ACI currently processes over 500 million instant payments monthly across cloud and on-premises platforms. The company says its international experience enables it to embed a specialised solution for real-time payments customers, allowing them to scale as transaction volumes increase quickly.
Crédit Agricole and Worldline target merchant services in France
Worldline and Crédit Agricole have signed a non-binding exclusive agreement regarding a strategic partnership to create a new entity in the French payment market. France is the second largest economy in mainland Europe, enjoying a robust economic performance sustained by consistent policy frameworks, strong institutions, and an attractive investment environment.
The French payment industry shows solid dynamics with a sizeable and growing addressable market and a high readiness and receptiveness towards cashless payment methods. The country has aggregated Merchant Sales Value (MSV) of approximately €700bn.
With cash penetration still high, at around 40% of payment volumes, the French market offers an attractive growth opportunity driven by the secular shift from cash to card and continued demand for innovation. Combined with the French “Cartes Bancaires” domestic scheme and its strong and resilient market share capturing c.80% of card transactions volumes, these market trends make France a particularly attractive country in the broader European context.
The contemplated alliance between Crédit Agricole and Worldline is an opportunity for both companies to expand their merchant services activities in this market significantly.
The contemplated partnership would offer a combination of technological and commercial offerings at scale to adequately respond to any evolving merchant needs, whether local or global.
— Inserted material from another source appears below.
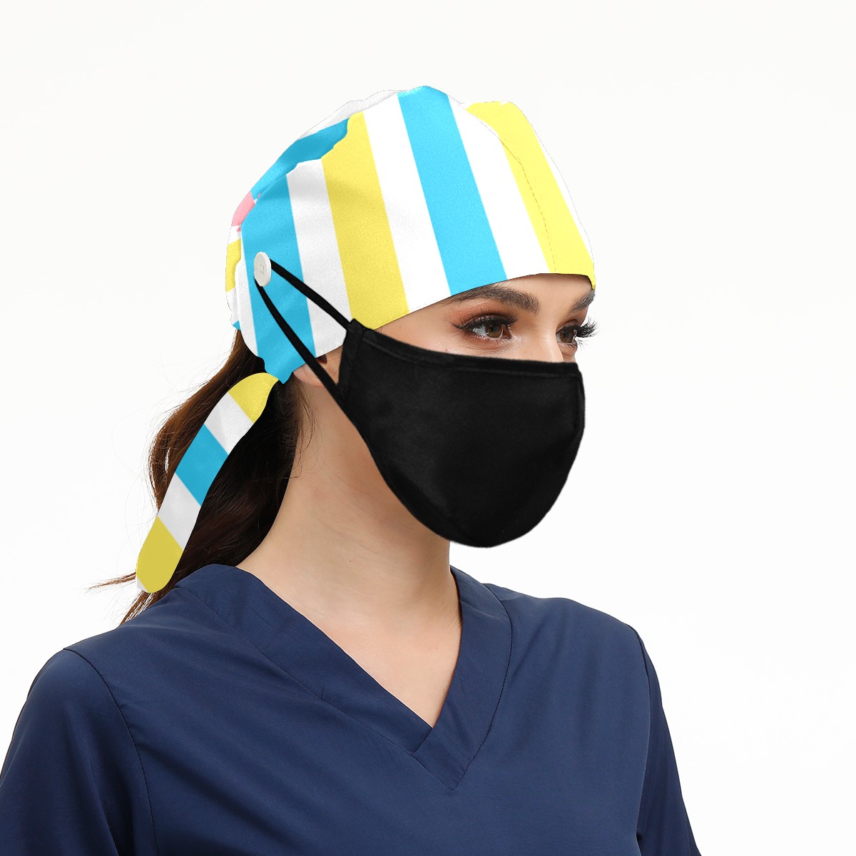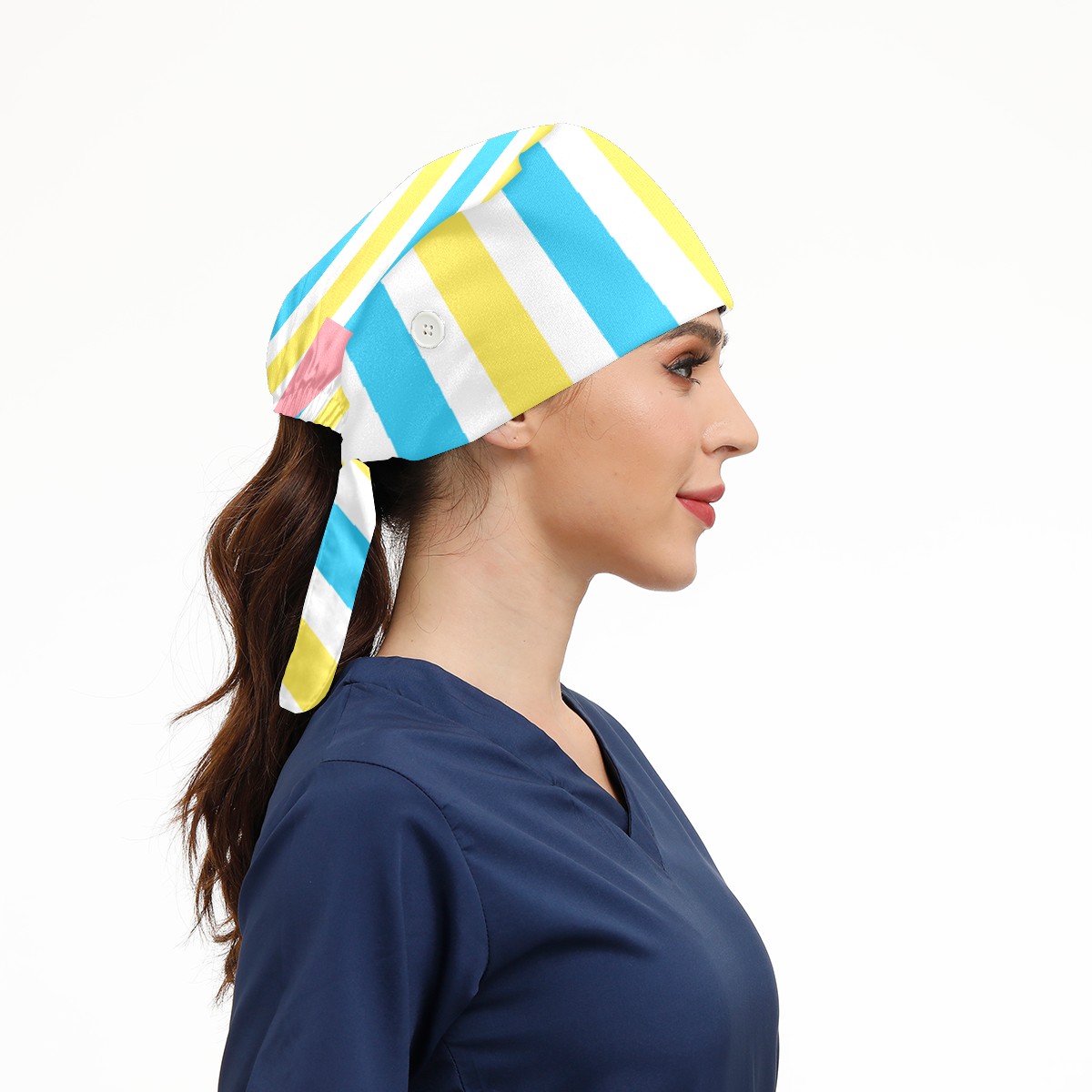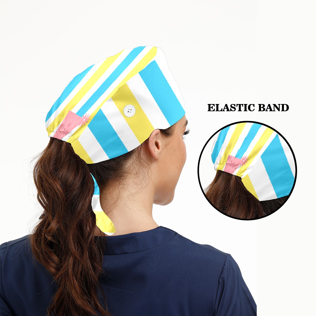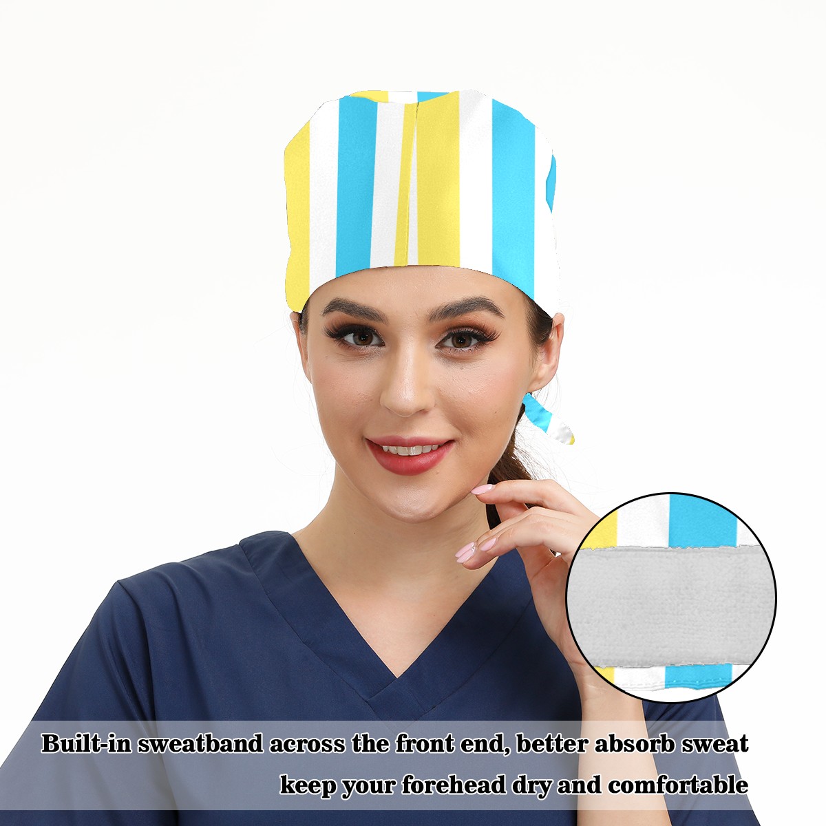 Working Caps with Button & Sweatband Satin Lined Cotton Adjustable Nurse Hats Elastic Band Scrub Cap Surgeon Hat Stripe

The pair say that this would be fuelled by Worldline’s in-store and online capabilities to serve merchants at scale, and Crédit Agricole’s strong distribution networks, deep French market presence and more than 16,000 banking advisors for enterprises and local knowledge in merchants acquiring.
The joint company would be majority owned (50% of total capital plus one share) and fully consolidated by Worldline. It would leverage Worldline’s global European processing platforms and develop all the products dedicated to the French market. The joint company would also be in charge of the commercial development of the alliance, both directly for the most prominent merchants and by providing active support to the bank distribution channels.
The contemplated joint company would offer to the key accounts in France a full-service offering leveraging Worldline’s global acceptance and acquiring platform, including the domestic “Cartes Bancaires” scheme. In parallel, Worldline could offer its international merchants access to the domestic scheme, further expanding its broad range of payment schemes.
The contemplated operation remains subject to both parties’ works council consultation and corporate authorisations and customary regulatory approval, and they expect the timeline to run as follows:
- 2023-2024: Joint investment phase of €80m equally financed by Worldline and Crédit Agricole for the product and offering design, and joint company implementation.
- 2025 onwards: Full implementation of the joint company starting to generate revenues and operating margin before depreciation and amortisation.